The U.S. Food and Drug Administration has authorized a new COVID-19 vaccine from Novavax, giving Americans an alternative to shots from Moderna and Pfizer.
Novavax's protein-based vaccine will be available soon after regulators granted emergency authorization to the Maryland-based company for the product.
"Today's authorization provides an additional COVID-19 vaccine option that meets the FDA's standards for safety, effectiveness and manufacturing quality needed to support emergency use authorization," Dr.

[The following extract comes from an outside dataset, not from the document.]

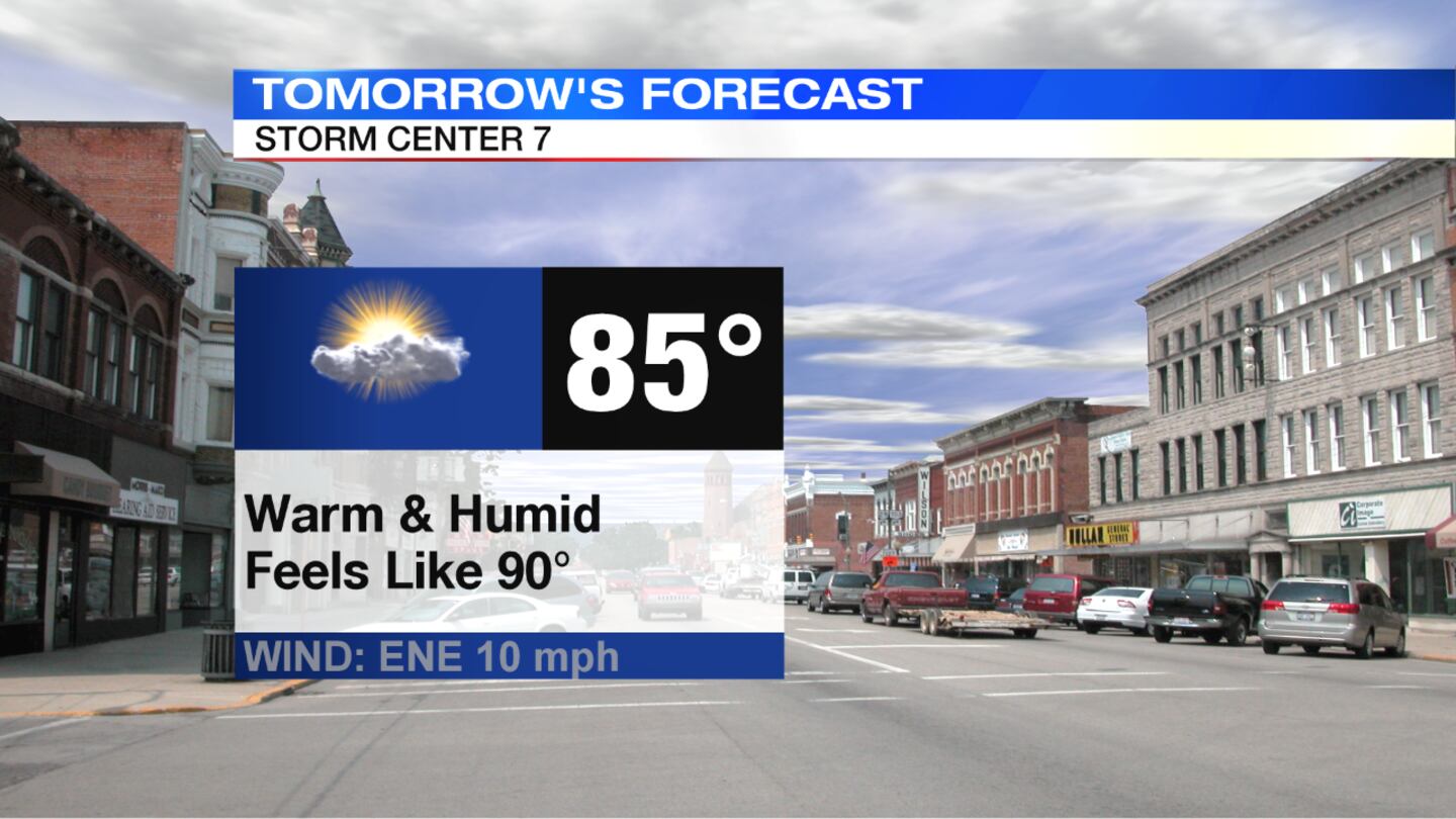 Wednesday: Partly sunny skies, warm and muggy with highs in the lower 80s.

Peter Marks, who directs the FDA's Center for Biologics Evaluation and Research, said in an Aug. 30 statement.
The FDA cleared vaccines from Moderna and Pfizer that are built on messenger ribonucleic acid technology earlier in the month.

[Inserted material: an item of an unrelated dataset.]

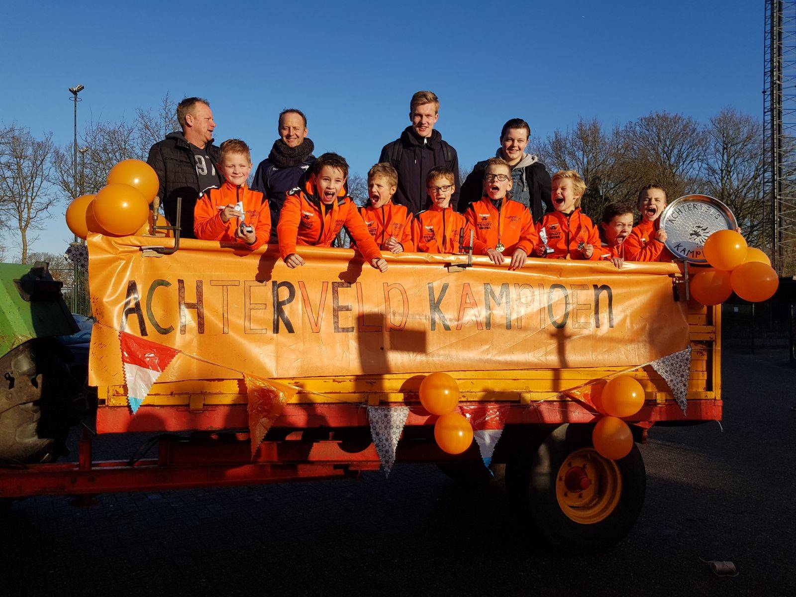 Uiteraard werd volgens de traditie het kampioensschap gevierd meteen rondrit door het dorp op de platte wagen, welke door onze eigen Prins Carnaval werd gereden.

"The assertion rings hollow when FDA has not required manufacturers of the mRNA biological [products] to provide scientific evidence to the public that safety and effectiveness has been demonstrated," Barbara Loe Fisher, co-founder and president of the National Vaccine Information Center, told The Epoch Times previously via email.
Company officials told FDA advisers over the summer that they were planning to continue manufacturing a JN.1-based vaccine and believed it would perform well against KP.3 and other strains from the JN.1 lineage.
People who have never received a vaccine can get two doses of Novavax's vaccine about three weeks apart.